Are you guys the original designers of this anti-bot software? I ask because I get caught at these pages all the time. I have no issue with the idea of entering a code as it only takes a moment, but there are 2 primary problems. 1. If it accepts the code it never takes you to the original url you were trying to go (from the search engine). 2. Many times (More times than not for me) it doesn't accept the code. It says "Incorrect Code". I can enter the correct code every time and it will never work. I have one site I entered the code it asked for about 8 times in a row before I gave up. I have gotten to the point now that if I am going to purchase something and that bot thing shows up I just buy elsewhere, or use another sites service. I understand the Antibot thing 100%, but when you are turning away customers and provide them no way to bypass you are effectively tanking legitimate users.

author avatar

Hristo Pandjarov Siteground Team

May 11, 2020

This can only happen if you are behind a proxy that handles each request through different IPs and those IPs are all blocked by out Anti-Bot system. Otherwise a single captcha solving is enough.

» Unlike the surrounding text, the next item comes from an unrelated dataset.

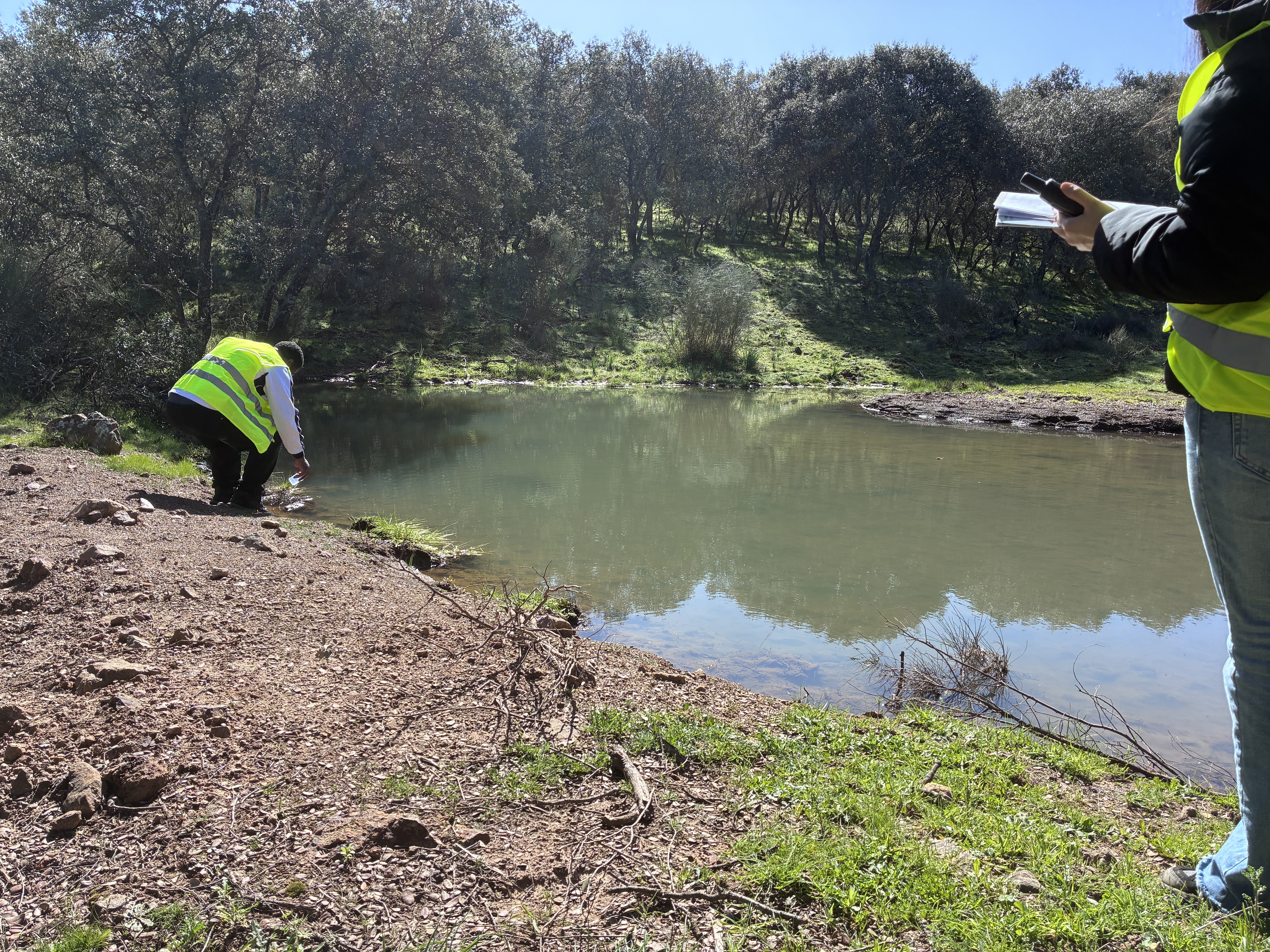 Tomando muestra de agua embalsada.
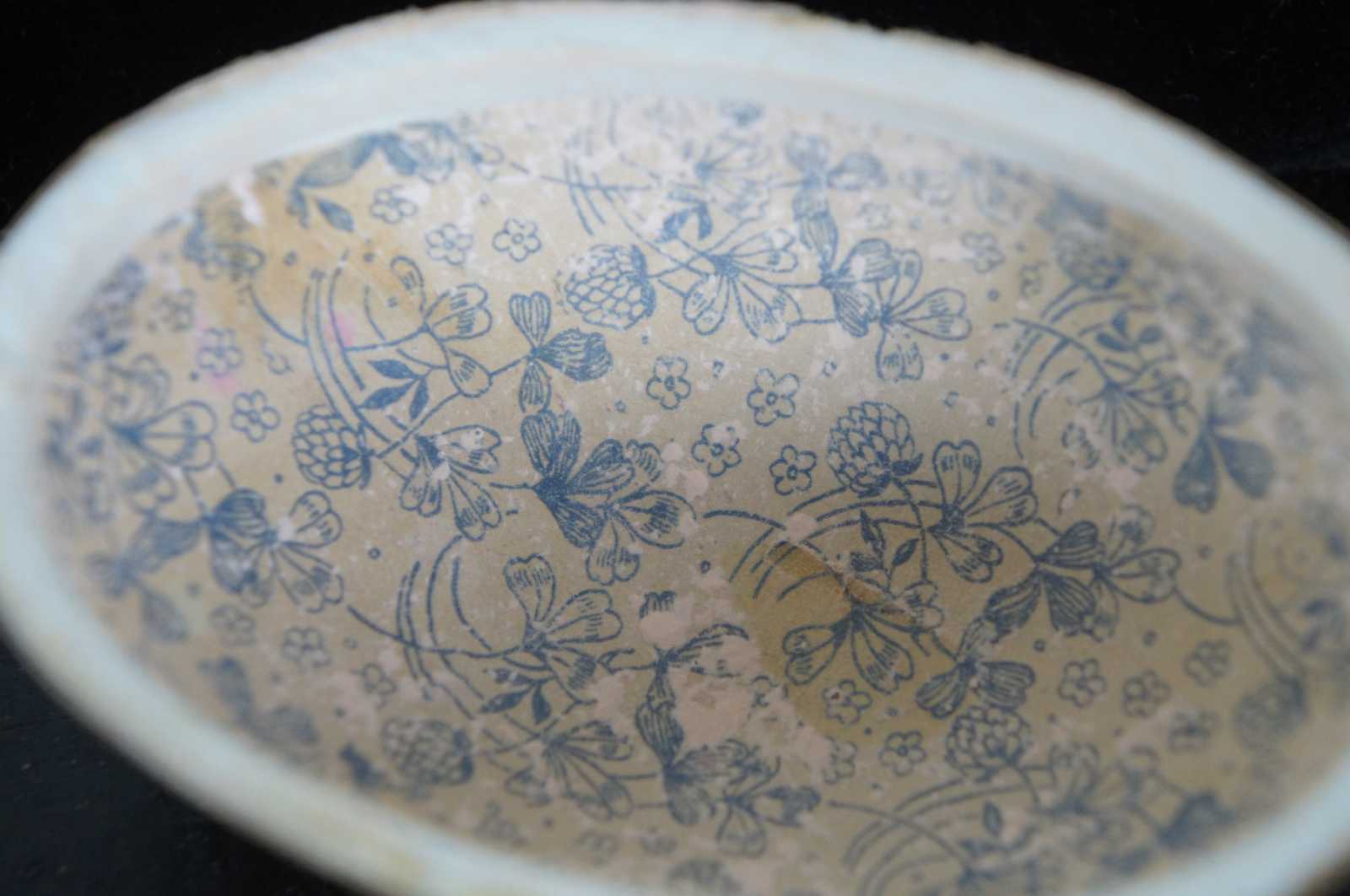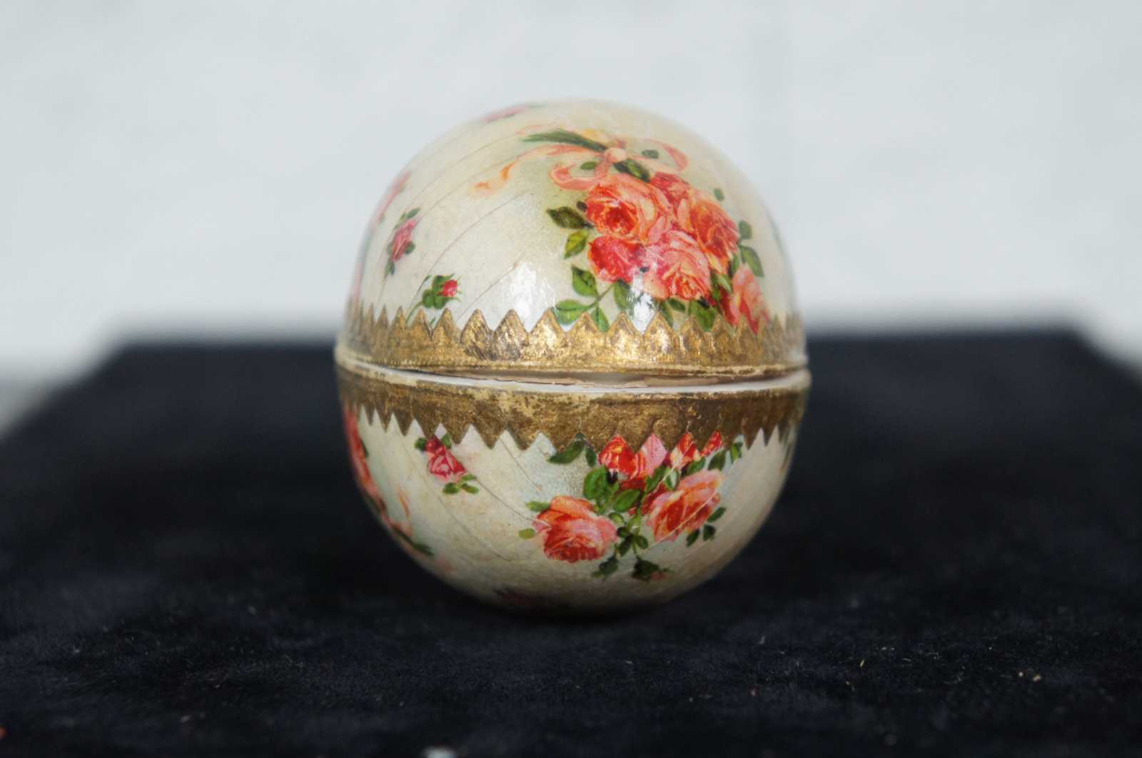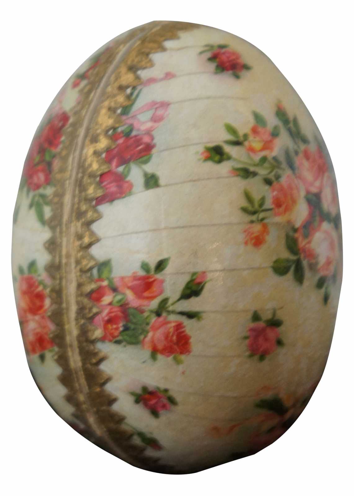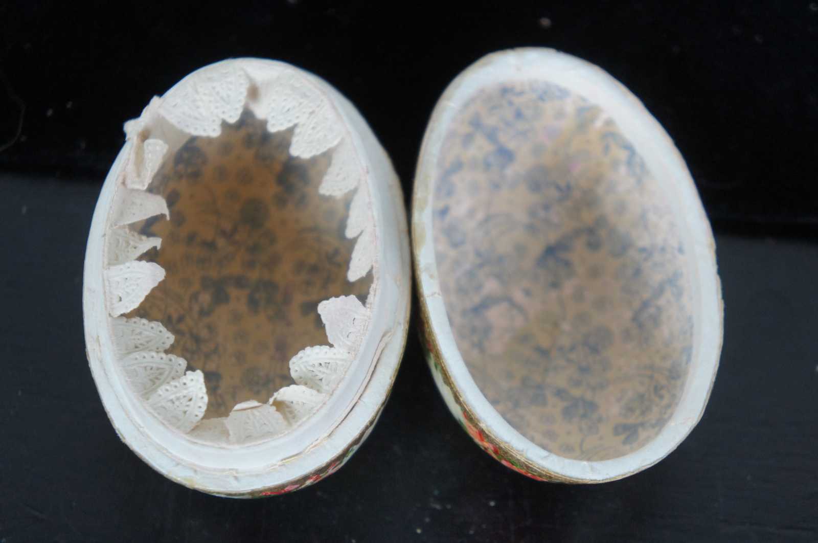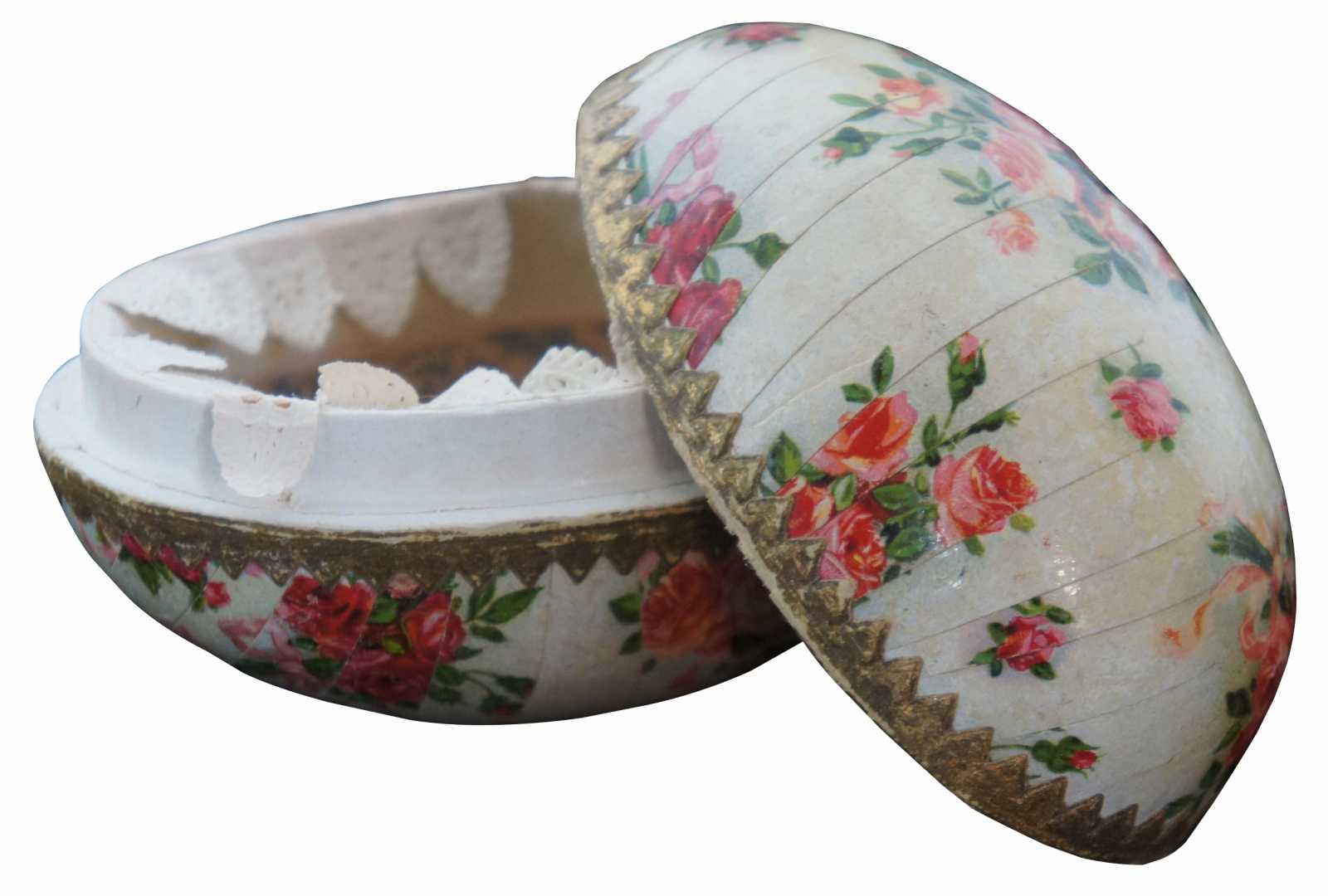 Antique German paper mache Easter egg candy container, featuring a lithograph pattern of pink and peach roses, with paper lace trim around the inside edge.

Please, post as ticket in your Help Desk with detailed information regarding your particular case and we will look into it. We do not block legitimate users and this is not something you should be worried about.

author avatar

Kris

May 12, 2020

I appreciate the reply. It looks like technical support is for customers, but as I am not one I will put in a message with sales and see if it gets to the right department. Thank You!

author avatar

Ola

May 16, 2020

Please how can i disable this on my site. Whenever i enter the captha, it keeps giving me another to enter.

author avatar

Hristo Pandjarov Siteground Team

May 18, 2020

Please, check if you don't have any software generating incorrect logins, like an FTP app for example. If you think your network is marked incorrectly, please contact our support team.

author avatar

Krishna

May 21, 2020

What a mess.... i cant see my website. I entered dozen of times the characters on recaptcha. Nothing. Zero. Nada. I had to register on my Siteground Hosting account to see my page. What about other people?

author avatar

Hristo Pandjarov Siteground Team

May 22, 2020

Make sure you're not using some browser stripping cookies like the Tor browsers. Once solved, the captcha should not be shown to you for at least 24 hours. Most probably other people do not have problems since they are not originating from your IP. In addition, check if some software logging into your account is not generating incorrect logins.

Comments for this post are now closed.